HST’s portfolio primarily comprises upscale hotels across the top 22 lucrative U.S. markets, with a strong presence in the Sunbelt region. These properties are well-positioned in markets with strong demand drivers like central business districts of main cities, close to airports and in resort/conference destinations. With the hotel industry reviving, Host Hotel is likely to benefit from the ongoing surge in demand.

Driven by increasing leisure travel in Sunbelt markets, the company witnessed a sequential improvement of 11% in revenue per available room (RevPAR) during first-quarter 2022. Management expects RevPAR in the range of $195-$205 million for the second quarter, implying a sequential improvement. Also, value-enhancement initiatives are likely to support long-term growth in its RevPAR.

The company, to improve portfolio quality and strengthen its presence in the United States, carries out various strategic capital allocations. For 2022, management expects capital expenditure in the $500-$600 million range.

Also, it has made significant acquisitions of high-quality properties over the past years. This January, HST acquired a 49% ownership interest in a joint venture with Noble Investment Group, a private hospitality asset manager focusing on upscale select-service and extended-stay properties.

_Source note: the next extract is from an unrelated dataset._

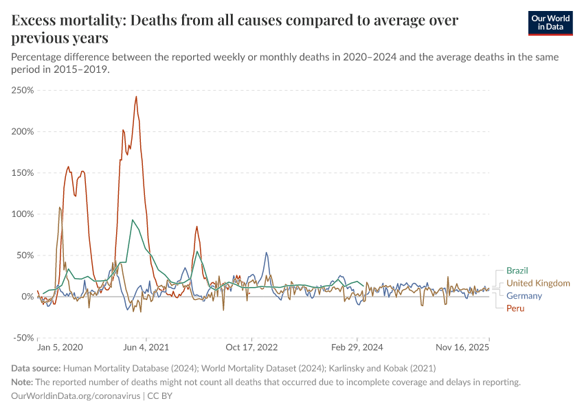 “Data Page: Excess mortality: Deaths from all causes compared to average over previous years”. Our World in Data (2025). Data adapted from Human Mortality Database, World Mortality Database. Retrieved from https://archive.ourworldindata.org/20251211-063340/grapher/excess-mortality-p-scores-average-baseline.html [online resource] (archived on December 11, 2025).How to cite this data

Also, HST has been undertaking the disposal of non-strategic assets that have lower growth potential or properties with significant capital expenditure requirements. Subsequent to the first quarter-end, the company sold the Sheraton New York Times Square Hotel for $373 million and YVE Hotel Miami for $50 million.

HST maintains a healthy balance sheet with no material debt maturities until January 2024. As of Mar 31, 2022, HST had $1.9 billion as total available liquidity. Moreover, it is the only company with an investment-grade rating among lodging REITs. This financial flexibility will aid capital deployment for long-term growth opportunities and facilitate redevelopment activities.

Analysts seem to be bullish on the stock. The estimate revisions trend in the past month for 2022 funds from operations (FFO) per share indicates a favorable outlook for the company as it has increased 18% in the past month.

However, as the hotel industry is cyclical in nature, a looming concern regarding economic downturns in the company’s markets could hurt revenues. Unfavorable macroeconomic conditions could shift the consumer base to lower-priced brands over HST’s premium ones.

In March 2020, the company announced a dividend cut as a result of its pandemic hit operations and halted the same thereafter. While Host Hotels reinstated the dividends payouts this February, the amount remains way below the pre-pandemic level of 25 cents.

Moreover, the spike in online short-term rentals, including a flexible option for apartment buildings, has elevated supply in the lodging industry and has increased competition in certain markets.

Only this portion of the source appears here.